Holy how Jana, that is such an amazing story!!! You guys are seriously incredible and Bennett is adorable. I am so happy for you!!

Jana said...

oh.my.heavens. Okay so I'm going to tell you how I read this story the size of Texas..I was laughing, sometimes crying, holding my face, covering my mouth, holding my knees to my chest...holy crow Jana! Thanks for the ride! That was amazing, and you are The.Best.Storyteller. This cute little boy waited long enough to get here to be with his awesome parents. *sigh* I need to take a nap now. That was great! Big hugs for everyone. :0) love you guys.

Heather Thorup said...

That is the craziest story!!! Im so glad he is okay and doing well. You are amazing! Were you planning on natural before all this lol? Hope you are all adjusting well. How is he sleeping?

our life said...

I love this story!! When telling birth stories women are always trying to "one up". Your story will NEVER be one upped!

our life said...

BTW this is Bethany Cox

SaRah G. said...

love this post!! and the picture of you holding him made me cry!! congratulations you guys!!!

John and Valerie said...

Congratulations!! I am so happy for you guys!!!

Ann said...

I love it! I'm betting Zac is glad he didn't have to deliver by himself! Your such a great storyteller. I wish my labors were fast, but not THAT fast! You and Zac are great people and awesome parents. Plus you are my hero. :)

Sara Hammond said...

I'm still here! The first couple sentences totally describe me. And I am so glad you shared your story. Maybe a new baby will inspire more frequent posts?

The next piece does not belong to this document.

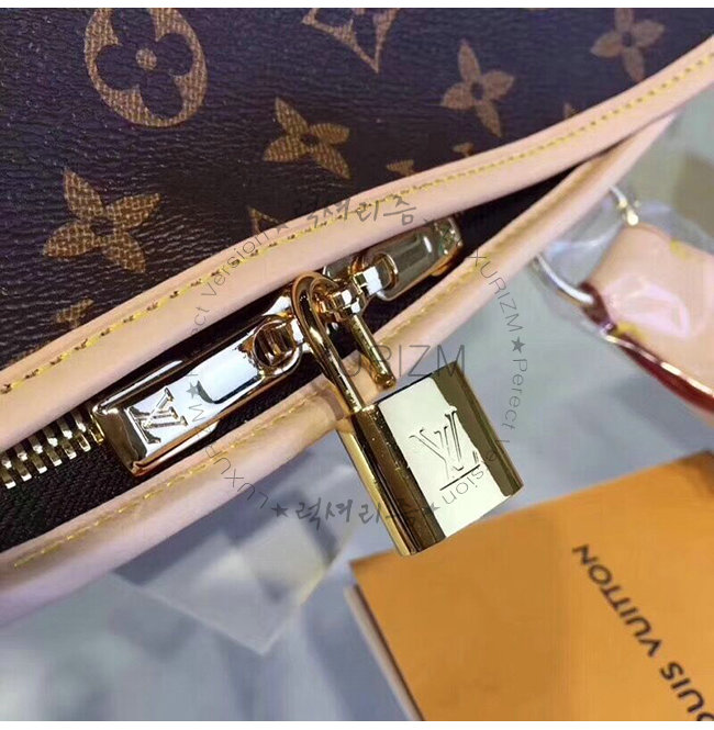 - 모노그램 캔버스 라인 - 크로스 그레인 둥근 실루엣의 가죽 손잡이 세탁 가능한 라이닝

And you are right, he does totally look like Zac!

Congratulations!

Cecily said...

Jana, I just love you!! Your fact holding Bennett just says it all. You're gorgeous and your baby is beautiful and I wish you all the fun in the world being a mama!

Tasia Thompson said...

Congratulations! Way to go girl! I loved reading your post it made me smile and laugh. I'm sure Bennet will get a kick out of it when he's old enough to read. Life doesn't usually go as planned does it?! But it goes on and it's good. We love you guys!

Amy Groff said...

Congrats Jana and Zac!
Jana you are amazing and you have such a cute family!
I miss you!

bob and sara rich said...

Ja Na!!! I cannont tell you how much I loved reading this post. I can picture you and Zac saying everything the way you worded it. I hope this isn't inappropriate but I was laughing pretty good throughout the story because the way you tell stories is SOO funny! I loved you and Zac's conversation during the movie about your pains just being Braxton Hicks and you wanting to finish the movie. So many highlights to this story. I don't blame Bennett for not wanting a Cinco de Mayo party every year either, I mean the kids clearly caucasion! We love you guys and are sooo happy for Bennett's SAFE arrival after all that! Please keep up the blogging, it's our best bet at this point for keeping in touch! Tell your boys hello from the Pittsburgh Richs! Oh, and happy Cinco de Mayo two days ago... :) Now that this comment is as long as your post I'll go now, love ya!

smith said...

Amazing story!! Congrats, he is so cute!!

Lauren Winder said...

The experience sounds truly horrific, but the way you told it made me laugh. You are such a trooper, Jana! Congratulations on your little guy!